Dr. Karnes is an author on thirty one peer-reviewed manuscripts and thirty two abstracts presented at national and international meetings.  He is active in multiple professional societies including the American Society for Clinical Pharmacology and Therapeutics, the American Heart Association, and the American College of Clinical Pharmacy.  He is supported by an American Heart Association Scientist Development Grant and an American College of Clinical Pharmacy Research Institute’s Futures Award.

Dr. Linda Restifo earned all three of her academic degrees from the University of Pennsylvania – BA (Biology), MD, and PhD (Genetics). Her postgraduate clinical training in adult and child neurology was at Harvard Medical Center’s Longwood campus. She did postdoctoral research training in developmental neurogenetics at Brandeis University. Dr. Restifo now directs a research program on developmental brain disorders using the fruit fly (Drosophila melanogaster) genetic model system, with an emphasis on how mutations and environmental toxins disrupt neuronal differentiation. Her goal is to make intellectual disability (a/k/a mental retardation) and autism treatable with safe and effective drugs. With funding from NIH and Autism Speaks, Dr. Restifo and colleagues developed a novel cellular bioassay, based on primary culture of developing brain neurons, which reveals defects caused by mutations or neurotoxins. Their published proof-of-concept drug screen identified potential treatments for developmental brain disorders. Work in progress will determine which genetic defects are most likely to respond to which drugs. Such treatments would represent a dramatic improvement in the medical care of children with cognitive or behavioral delay due to transmitted or de novo mutations. Her collaborators include human geneticists, computer scientists, computational chemists, mechanical engineers, physicians in neurology and psychiatry, as well as other neuroscientists. In the teaching arena, Dr. Restifo is highly motivated to bridge the cultural divide between the worlds of clinical medicine and laboratory science that slows progress in translational medicine.

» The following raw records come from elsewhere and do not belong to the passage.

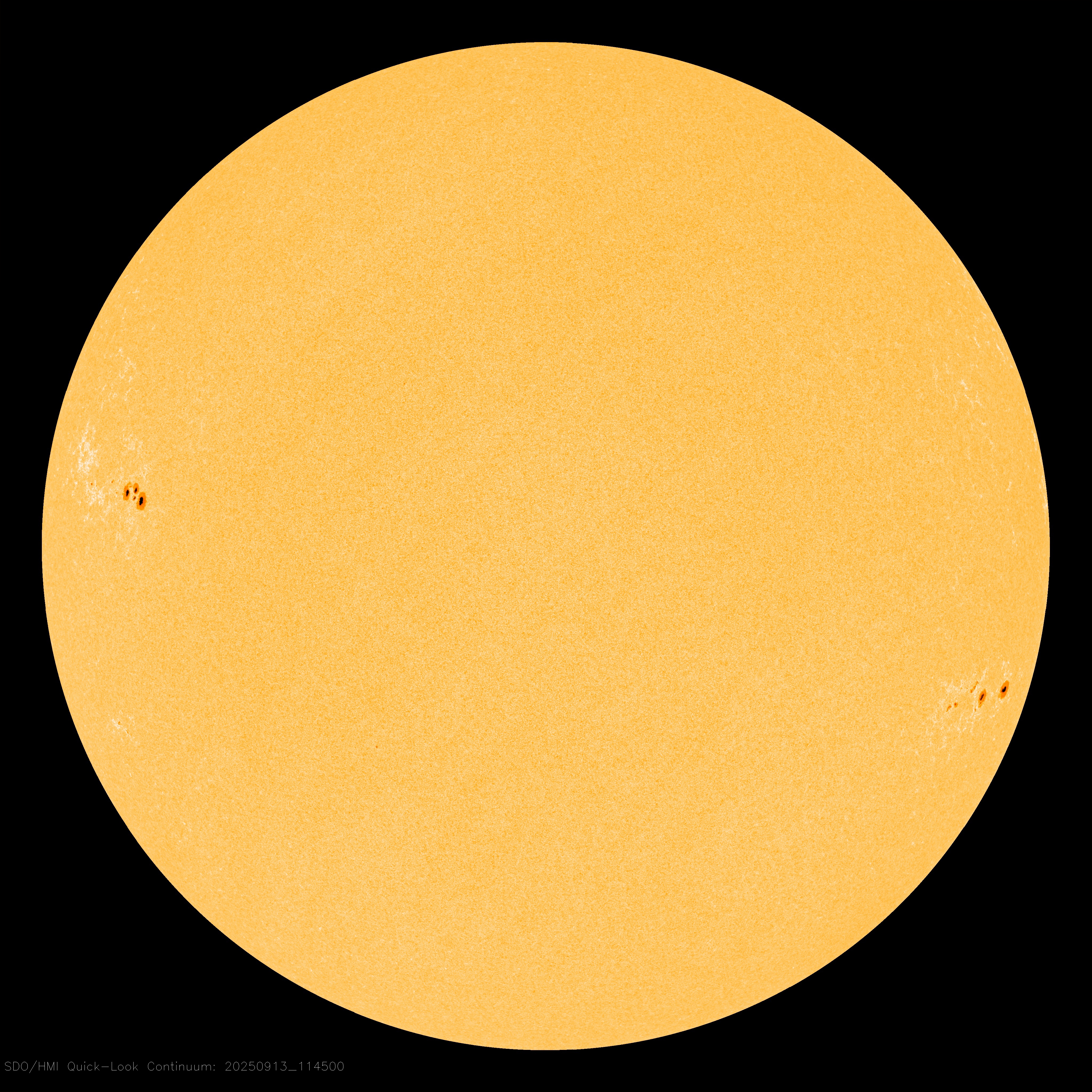 Continuums provide photographs of the solar surface, incorporating a broad range of visible light appearing yellow and orange.
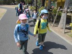 園内を移動する際は、お友だちや先生と手を繋いで歩きました。
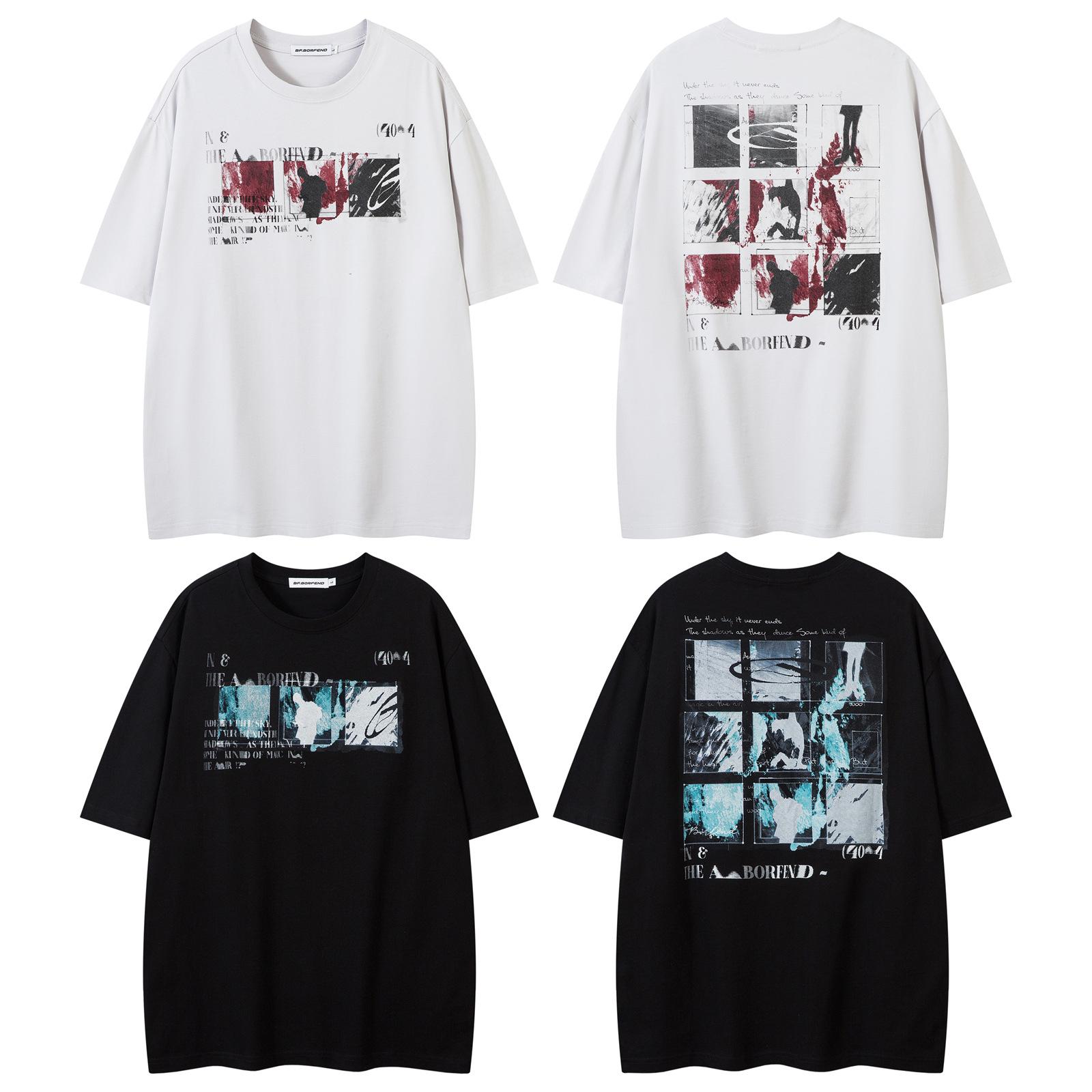Camiseta de manga corta con estampado abstracto de estilo americano de marca de moda para hombre y mujer, camiseta informal holgada de algodón puro para pareja de verano 2025.
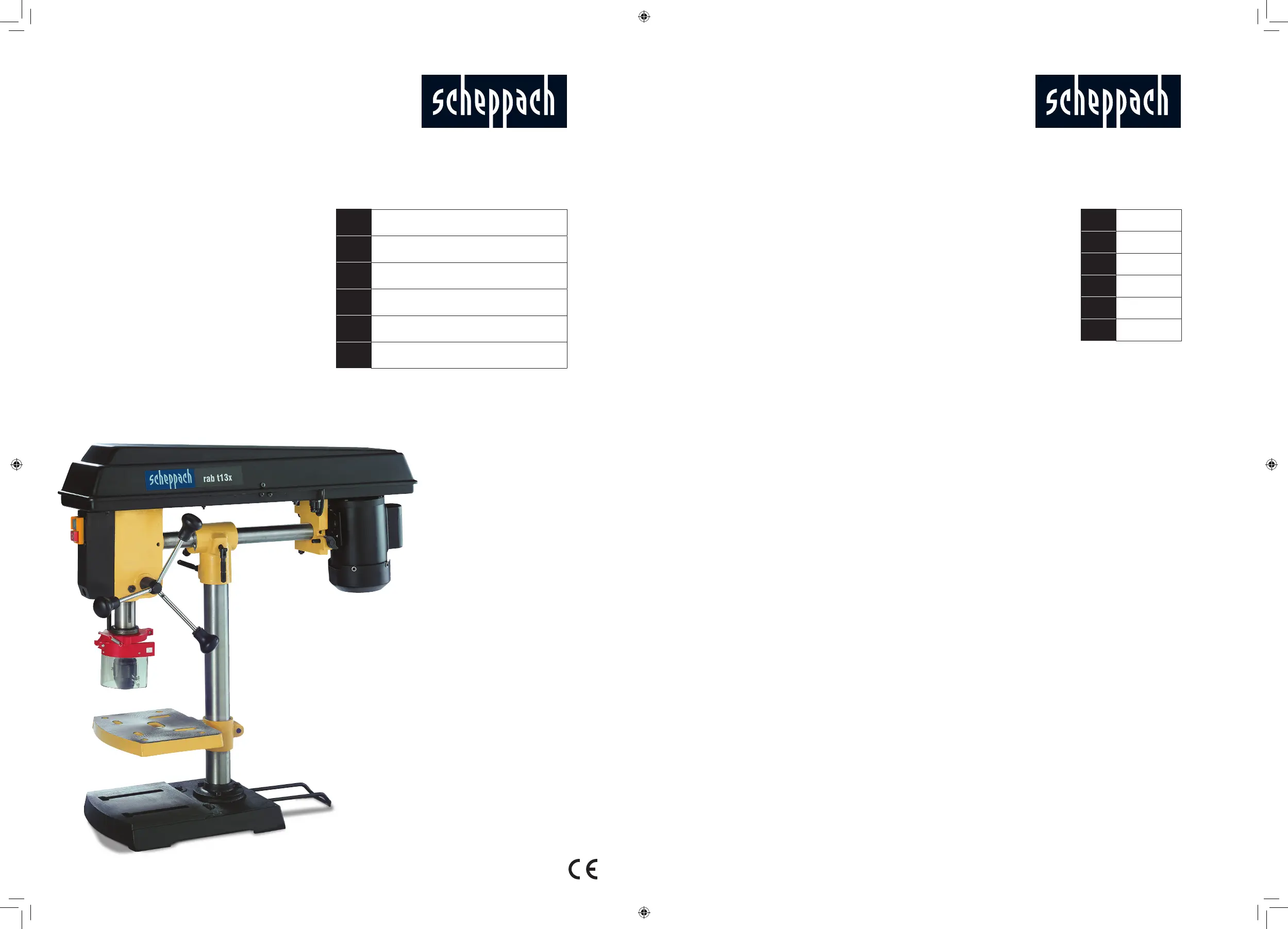 Lies die bedienungsanleitung für Scheppach rab t13x (54 Seiten) kostenlos online; sie gehört zur Kategorie Bohrmaschine. Dieses Handbuch wurde von 3 Personen als hilfreich bewertet und erhielt im Schnitt 5.0 Sterne aus 5 Bewertungen. Hast du eine Frage zu Scheppach rab t13x oder möchtest du andere Nutzer dieses Produkts befragen? Stelle eine Frage

Marc S. Williams, MD, FAAP, FACMG, FACMI is a clinical geneticist. He is the director of Geisinger’s Genomic Medicine Institute.  He is the co-PI of the Geisinger eMERGE project and is the medical director of the whole genome sequencing clinical research project. He is site PI and leads the EHR workgroup of the NHGRI funded ClinGen project. He is on the NHGRI Genomic Medicine working group. He has participated in the Personalized Medicine Workgroup of the Department of Health and Human Services’ American Health Information Community Task Force and was a member of the Secretary’s Advisory Committee for Genetics, Health and Society. He is a member of the EGAPP working group.  He is a past member of the ACMG Board of Directors, serving as Vice-President for Clinical Genetics and will rejoin the board as president elect in 2019. He is past chair of the ACMG Committee on the Economics of Genetic Services and founded the ACMG Quality Improvement Special Interest Group. He is a member of the Scientific Advisory Board of the Clinical Pharmacogenetic Implementation Consortium and a member of the CPIC informatics committee. He recently joined the Scientific Advisory Boards of the NIH Undiagnosed Diseases Project, and Online Mendelian Inheritance in Man. He has authored over 160 articles on a variety of topics including the economic evaluation and value of genetic services, implementation of genomic medicine, and the use of informatics to facilitate genomic medicine.